Figure 1 shows a very simple circuit to achieve bidirectional level shifting using a single FET and two resistors. Quite elegant, isn’t it? The two ICs $U_1$ and $U_2$ want to communicate via I2C but they run at different voltages $V_L$ and $V_H$, where $V_L < V_H$. The N-MOSFET Q has the gate biased with $V_L$. Pull-up resistors are applied at each side of the FET, each to their relative supply voltage.
Here is how the circuit works. When $U_1$ wants to transmit a logic “one” it turns off its internal FET thus letting $R_L$ pull the voltage of node A to $V_L$. This will turn-off the FET Q, opening the circuit and allowing B to be pulled to a high voltage, $V_H$ in this case. $U_1$ effectively “transmitted” a logic “one” to $U_2$.

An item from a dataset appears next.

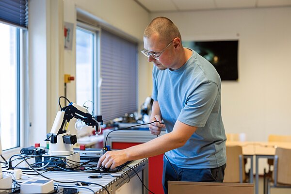 Dennis is nog even bezig. Toblerone-repen liggen op de tafels in het praktijklokaal. Dennis lacht. ‘Opdracht voor de studenten’, zegt hij. ‘Ze gaan een tool maken voor op een robotarm om de repen van A naar B te kunnen vervoeren. Écht mooi om te zien hoe verschillend de groepjes zo’n opdracht aanvliegen. Mijn rol? Kijken, vragen beantwoorden en ze af en toe op het goede spoor zetten. Super mooi, hoor.’
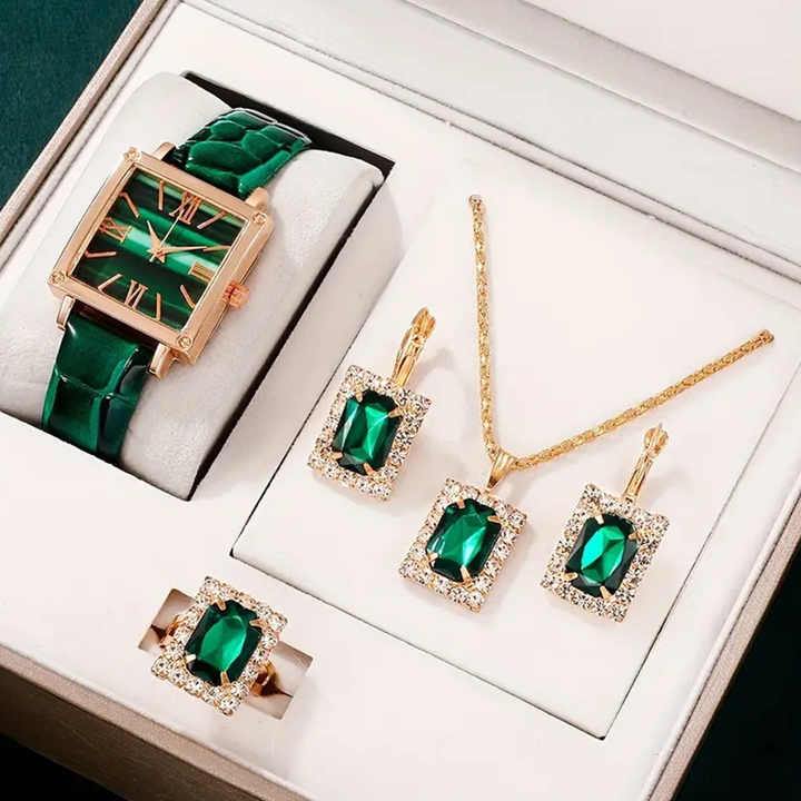 New Square Roman Watch and Jewel Bracelet Set square Belt Watch + square Jewel Bracelet Set Luxury Women's Quartz Watch

When $U_1$ wants to transmit a logic zero, it pulls A to ground. This turns Q on and begins the discharge of the node B. Eventually both nodes A and B are at the ground potential. A logic zero has been passed from $U_1$ to $U_2$. Note that the same behavior is observed if the direction of the communication is inverted.

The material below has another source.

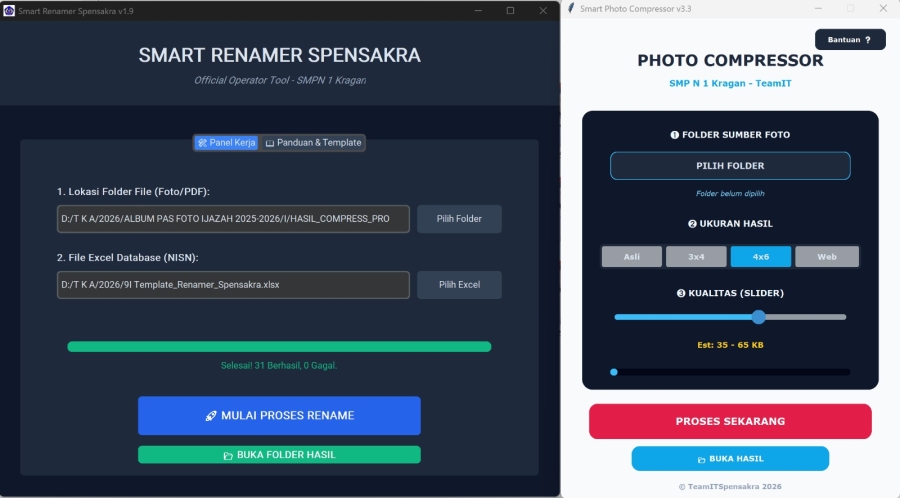 Sinkronisasi Identitas: Jalankan Smart Renamer untuk mengubah nama file sesuai dengan daftar NISN yang ada di database Excel/Dapodik.
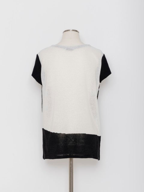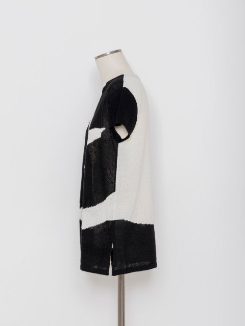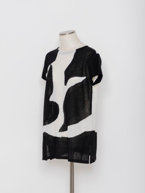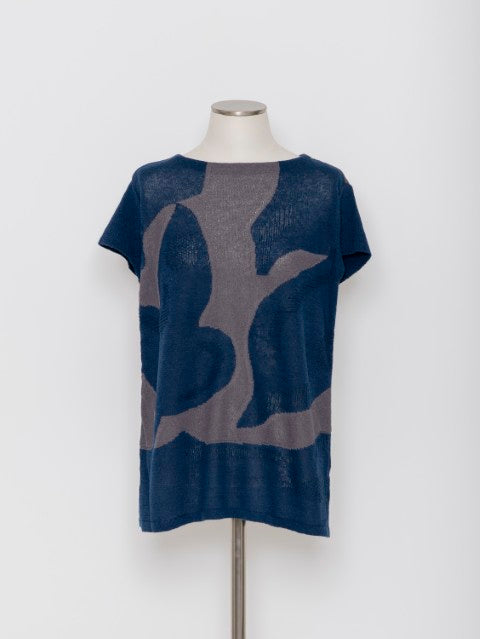 大胆に描いたリーフモチーフをインターシャ編みで表現した、存在感のあるロング丈ニットプルオーバー。

I have used this circuit in several projects. It is simple and reliable. However there are few things that needs to be considered before using it:
- If you are using this circuit to translate the voltage level out of a full CMOS output, keep in mind that the voltage will now have a much slower rising edge compared with the falling one. This is due to the fact that the voltage is pulled high not by a strong/low-resistance FET, but instead by a rather large resistance.
- Moreover, the circuit draws constant current when a logic zero is transmitted. Make sure this is compatible with the power budget of your project.

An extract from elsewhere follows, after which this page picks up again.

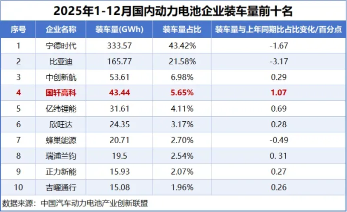 2025年,国轩高科动力电池装车量为43.44GWh,市占率5.65%,与宁德时代、比亚迪差距较大。
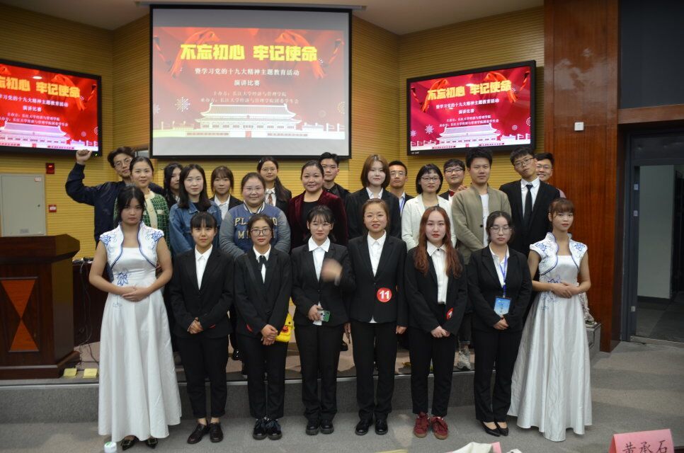 (通讯员 王巧)11月6日晚7时,304永利集团官网入口于农科大楼1056报告厅举行“不忘初心,牢记使命”主题演讲比赛决赛。党委副书记王中梅、分团委书记孙萌,以及辅导员杨雪、桂凯丽、任玉婷、黄承石担任评委。永利集团官网近300名学生观看本次演讲比赛。

- Commercial FETs are not symmetric. There are several differences between the source and the drain. The biggest difference, as far as this circuit is concerned, is the presence of the body diode. Off-the-shelf transistors usually have the body shorted with the source, and this is represented by a diode in antiparallel with the drain and the source. Figure 4 shows the equivalent circuit when $U_1$ transmits a zero. When $U_1$ pulls A low, the diode turns on first and the voltage across the FET is $V_D$. The FET goes from saturation to ohmic region and causes the diode to turn off. However, if $R_H$ is too small or the FET is too weak, it is possible that the diode never turns off and the FET stays in saturation. This could cause thermal problems for the FET and, more importantly, could make $U_2$ misinterpret the voltage at B ($V_D$) for a logic high. Make sure you size both the resistors and the FET to guarantee that the body diode always turns off.
In conclusion this a useful and elegant way to do level shifting of digital signals between circuits or ICs working in different voltage domains.
Nov 13, 2016